И убегал на работу. Однажды я напросился с ним на задание, еле-еле уломав бабушку. В тот раз с Федей опять была Рита. Её древний "Запорожец" был сломан и поэтому мы ехали на троллейбусе, на задней площадке. Федька с Риткой всю дорогу целовались, в результате мы прозевали свою остановку и опоздали - лошадь из колодца спасатели достали без нас. Но Рита всё же успела сфотографировать опутанную верёвками клячу. А потом Федя захотел сняться с лошадью в обнимку. Он положил руку ей на круп, она махнула ногой и он улетел в колодец. Спасатели распутали лошадь и полезли доставать бесчувственного Федю. Штанина на его правой ноге подозрительно топорщилась. Когда её закатали, обнаружился торчащий из раны на голени острый осколок кости. Рита, как настоящий профессионал, вместо того, чтобы завизжать от ужаса, или хотя бы ахнуть, сказала:
- Класс! Подождите, ребята, я всего пару кадров сделаю!
Я был в восторге от этого приключения и изо всех сил стал мечтать о карьере журналиста. А Федя три месяца прыгал по квартире на костылях, выставив вперёд загипсованную ногу. Он изнывал от вынужденного безделья, со скуки начал пописывать какие-то стишки, которые ему самому безумно нравились. Стихов оказалось неожиданно много, целая папка накопилась. Федька подписал её "Болдинская осень - 2".
Нашего больного не забывали - по вечерам к нему заходила Рита, пару раз заезжали какие-то мужики, а всё остальное время у него гостил наш сосед, даун Серёжа. Серёже было уже что-то около тридцати, его большое плоское лицо резинового пупса было всё в мелких морщинах, но в душе он навеки остался семилетним ребёнком.
Мама Серёжи была несказанно рада его дружбе с начитанным и вежливым молодым человеком. Федей, то есть. В прошлом году она не уследила-таки за сыном - наши дворовые алкоголики научили Серёжу пить водку и получать от этого процесса удовольствие. Мама его, Раиса Ивановна, стала находить Серёжу, забывшегося пьяным сном, в самых неожиданных местах - в песочнице, на чердаке, под лестницей. Она очень переживала, даже сменила свою работу на надомную, чтобы иметь возможность более пристально следить за сыном.
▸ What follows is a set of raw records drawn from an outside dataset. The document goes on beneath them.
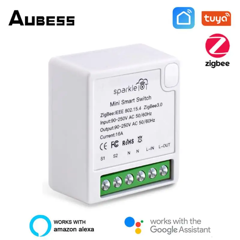 Умный мини-выключатель Zigbee, 16 А, поддержка 2-стороннего управления, Модуль Автоматизации умного дома, работает с Alexa Google Home Smart Life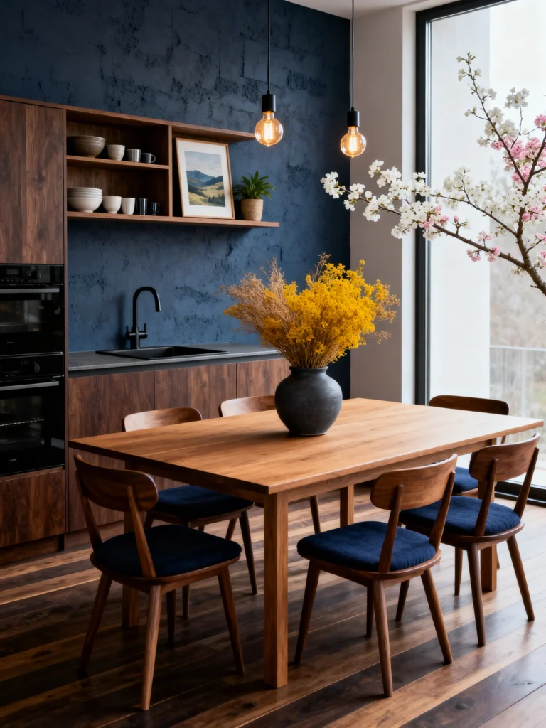 The simplicity of the table allows the details to shine, like the cherry blossom branch reaching in from the side and the bright yellow dried flowers on the table. It’s a high-contrast color palette: Navy, Gold, and Warm Wood. The exposed filament bulbs hanging from the ceiling add a bit of an industrial touch without feeling too “workshop.” This is a sophisticated “grown-up” dining room if I’ve ever seen one.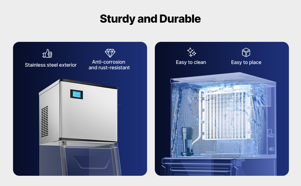 Komerčné výrobníky ľadu sa zvyčajne skladajú z dvoch hlavných častí: hlavnej jednotky na výrobu ľadu a zásobníka na ľad. Táto konštrukcia poskytuje zvýšenú flexibilitu a účinnosť, takže je ideálna pre podniky, domáce kuchyne alebo špecializované aplikácie.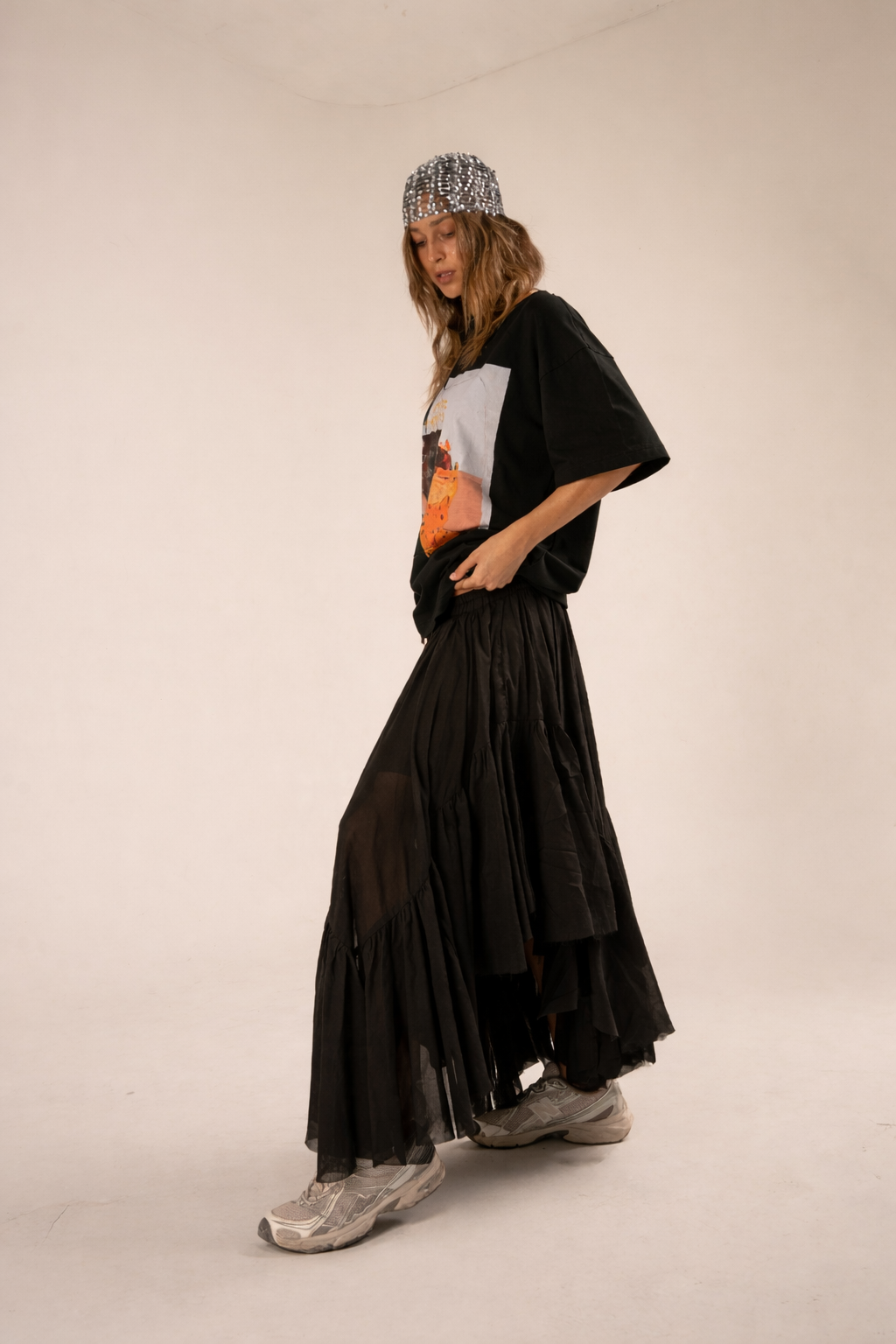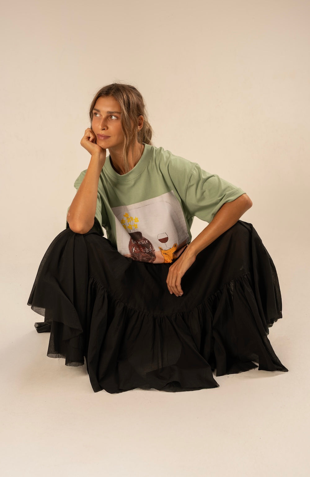 This shirt is crafted from soft breathable cotton and features an exclusive print by Indonesian multidisciplinary artist Riz. His playful mix of feminine figures, animals and poetic symbols brings a dreamy yet powerful energy to the piece, turning everyday wear into a small wearable artwork made to feel both personal and alive.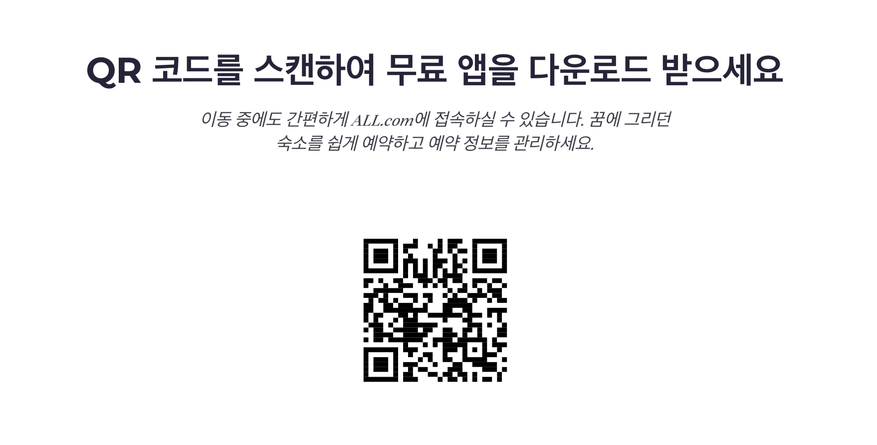 바로 아래보이시는 이미지는 PC에서 보여지는이미지인데요. 이번 할인 프로모션은 앱으로 예약하셔야지 15% 추가할인을 받으실 수 있습니다. 앱 다운로드가 안되어있으시다면 아래보이는 QR코드를 카메라로 비춘 뒤 다운로드 후 앱 실행해주시면 됩니다. 15% 할인을 기본적으로 해주지만 저는 여기서 추가 + 6% 더 할인 받을 수 있는 캐시백 이벤트도 알려드릴테니 포스팅 계속 봐주세요!

Я тоже ужасно расстроился, ведь теперь я не мог бесплатно проходить на сеансы в кинотеатр "Вымпел", где Раиса Ивановна раньше работала билетёршей.
Когда Серёжа зачастил к нашему квартиранту, она наконец-то вздохнула свободно, наивно полагая, что уж такой потомственный интеллигент, как Федя, не научит плохому её сына. Она даже пару раз заглядывала на их посиделки, чтобы убедиться, что никакой пьянкой там и не пахнет.
- Чайку, Раиса Ивановна? - Привставал ей навстречу из своего кресла Федя, тяжело подтягиваясь на костыле.
- Сиди, сиди, Федечка, - махала руками Серёжина мама. - Я пойду, у меня дела.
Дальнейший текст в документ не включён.